Base.@ccallable function something(inputPtr::Ptr{Cint}, outputPtr::Ptr{Cint})::Status
    resultCode::Cint = 0
    try
        # do stuff
    catch e
        resultCode = error_code(e)
    end
    return resultCode
end

But that is not what I am looking for. I want a way to catch Julia exceptions inside c++. The Julia manual embedding section on exceptions is not clear on how to do this for native Base.@ccallable functions. Through experimentation I found out that exceptions cannot be caught by a regular try/catch block inside the c++ code wrapping around the julia library call.

Let's say we have a function that throws errors on the c-interface:

Base.@ccallable function throw_basic_error()::Cint
    throw(ErrorException("this is an error"))
    return 0
end

Missed exceptions

This would be an expected way to catch errors, but it doesn't work:

try
{
    throw_basic_error();
}
catch (const std::exception& e)
{
    std::cout << "\n a standard exception was caught, with message '"
                << e.what() << std::endl;
}
catch (...)
{
    std::cout << "\n unknown exception caught" << std::endl;
}

When running this code, you will see an error like fatal: error thrown and no exception handler available.. Our current assumption is that this is due to Julia initializing in another thread or process than the c++ code itself.

Catch those exceptions

After some digging we found the JL_TRY and JL_CATCH macros in the Julia header file.
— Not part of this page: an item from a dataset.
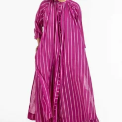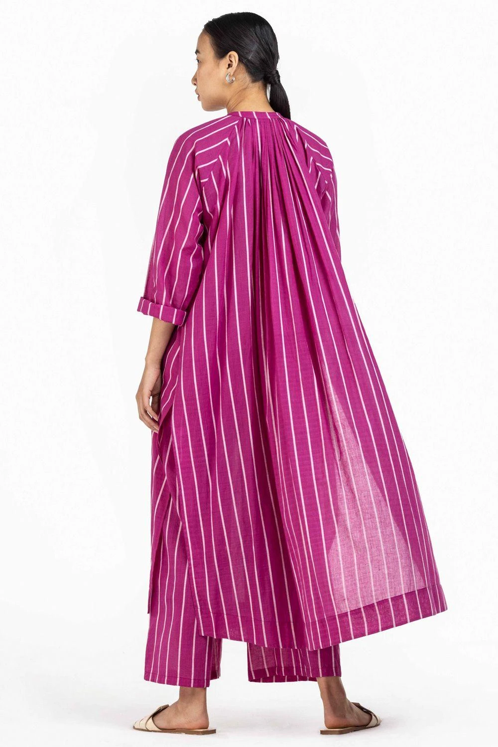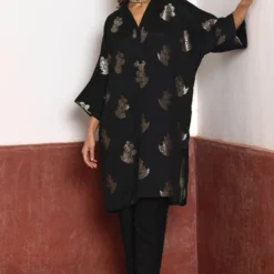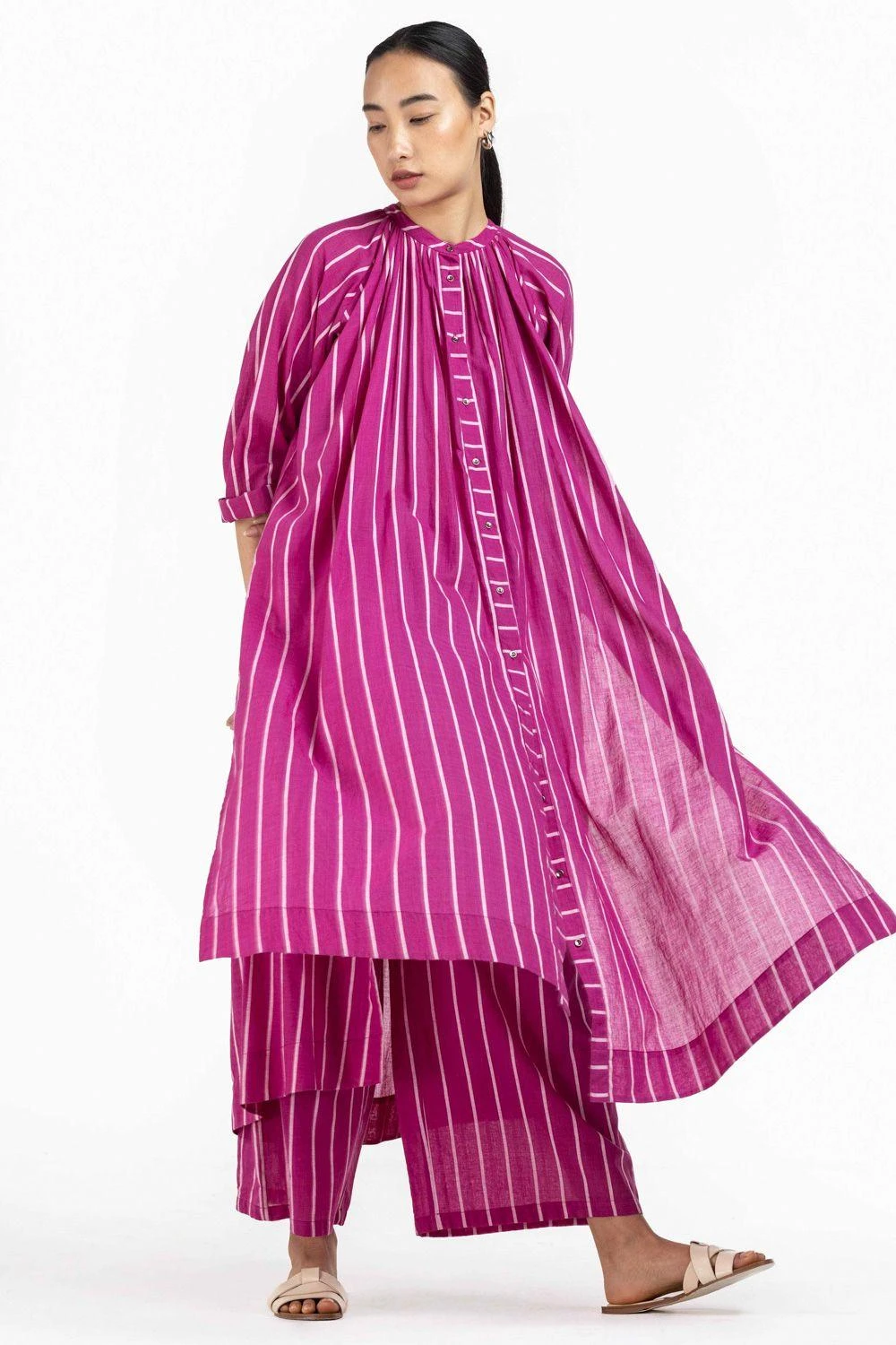 This hot pink tunic set is woven in 100% cotton, in a breezy silhouette. It features a button down tunic with high slits, paired with wide leg pants. Style this look with a pair of statement studs and a crossbody box bag for a chic look.

These can be used to catch Julia exceptions:

JL_TRY {
    throw_basic_error();
}
JL_CATCH {
    jl_value_t *errs = jl_stderr_obj();
    std::cout << "A Julia exception was caught" << std::endl;
    if (errs) {
        jl_value_t *showf = jl_get_function(jl_base_module, "showerror");
        if (showf != NULL) {
            jl_call2(showf, errs, jl_current_exception());
            jl_printf(jl_stderr_stream(), "\n");
        }
    }
    return 1;
}

To print the error type and message, you will have to use functions directly from the Julia runtime. We did not yet find a nice and easy way to convert the Julia exception into a c++ exception.

Outlook

The package CBinding.jl can automatically generate the Julia types from a c header file. There is a lot of knowledge in that package, so I should investigate it better. I also wonder if it's possible to do the opposite: to generate a c header from Julia types and functions.

Other interesting packages are Cxx.jl and CxxWrap.jl. These packages focus on embedding c++ (libraries) inside Julia, but again contain a lot of knowledge and some examples on embedding Julia inside c/c++.

Conclusion

Embedding in c/c++ is non-trivial. I advise to avoid embedding if you can ;) If you cannot avoid embedding, then use the examples from this post, but I do not guarantee that all my examples are safe and robust. I did not yet create examples with complicated nested variable sized structures and arrays, that's for another time. For now I'd advise to keep the c-interface as simple as possible. Good luck!

Acknowledgements

Special acknowledgements to Daan Sperber, Biao Xu and Evangelos Paradas for helping me figure out a lot of the steps involved.